Dynamical system analysis in teleparallel gravity with boundary term

TL;DR

This paper performs a dynamical system analysis of extended teleparallel gravity models, identifying critical points and stability across different cosmic epochs, and demonstrating the models' ability to produce an accelerating universe consistent with observations.

Contribution

It introduces a novel dynamical system framework for $f(T, B)$ gravity, analyzing critical points and stability in two specific models involving boundary terms.

Findings

Critical points correspond to radiation, matter, and de-Sitter phases.

Both models exhibit stable critical points leading to cosmic acceleration.

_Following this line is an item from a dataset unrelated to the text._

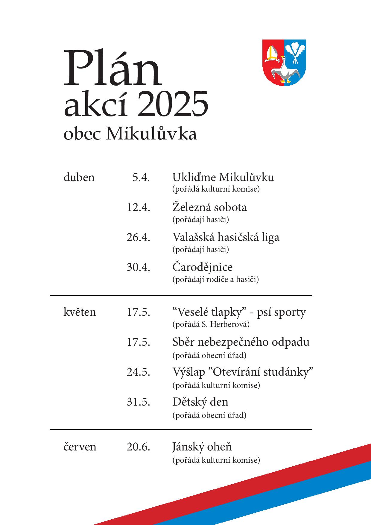 12, Kulturní komise po měsíci práce předložila přehled plánovaných akcí na nejbližší měsíce. Během posledních týdnů jsme strávili mnoho času tím, abychom dali dohromady informace, plány a reálné možnosti naše i ostatních aktivních účastníků společenského života v Mikulůvce. Spousta věcí je zatím v řešení, pracujeme na tom. V sobotu již proběhla první akce ze seznamu.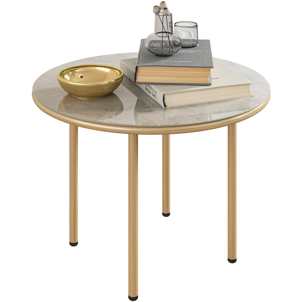 Outsunny Beige Faux Marble Glass Top Garden Round Coffee Table

Density parameters and equation of state parameters align with observed universe behavior.

Abstract

In this paper, we perform the dynamical system analysis of the cosmological models framed in the extended teleparallel gravity, the $f (T, B)$ gravity. We use the mapping, $f(T, B)$ $\rightarrow$-$T$+$\tilde{f}(T, B)$, and define the dynamical variables to form the autonomous dynamical system. The critical points are obtained in two well-motivated forms of $f (T, B)$, one that involves the logarithmic form of the boundary term B, and the other one is the non-linear form of the boundary term. The position of critical points is shown in the different evolutionary phases of the Universe such as radiation, matter, and de-Sitter phase. The stability condition of each of the critical points of both the models is derived and the behavior of each point has been obtained mathematically and through the phase portrait. The evolution of standard density parameters such as radiation ($\Omega_{r}$), matter ($\Omega_{m}$), and dark energy ($\Omega_{DE}$) are also analyzed. Further to connect with the present cosmological scenario, the behavior of deceleration and equation of state parameter both in the dark energy phase ($\omega_{DE}$) and total ($\omega_{tot}$) are shown from the initial condition of the dynamical variables. The accelerating behaviour has been obtained for both models.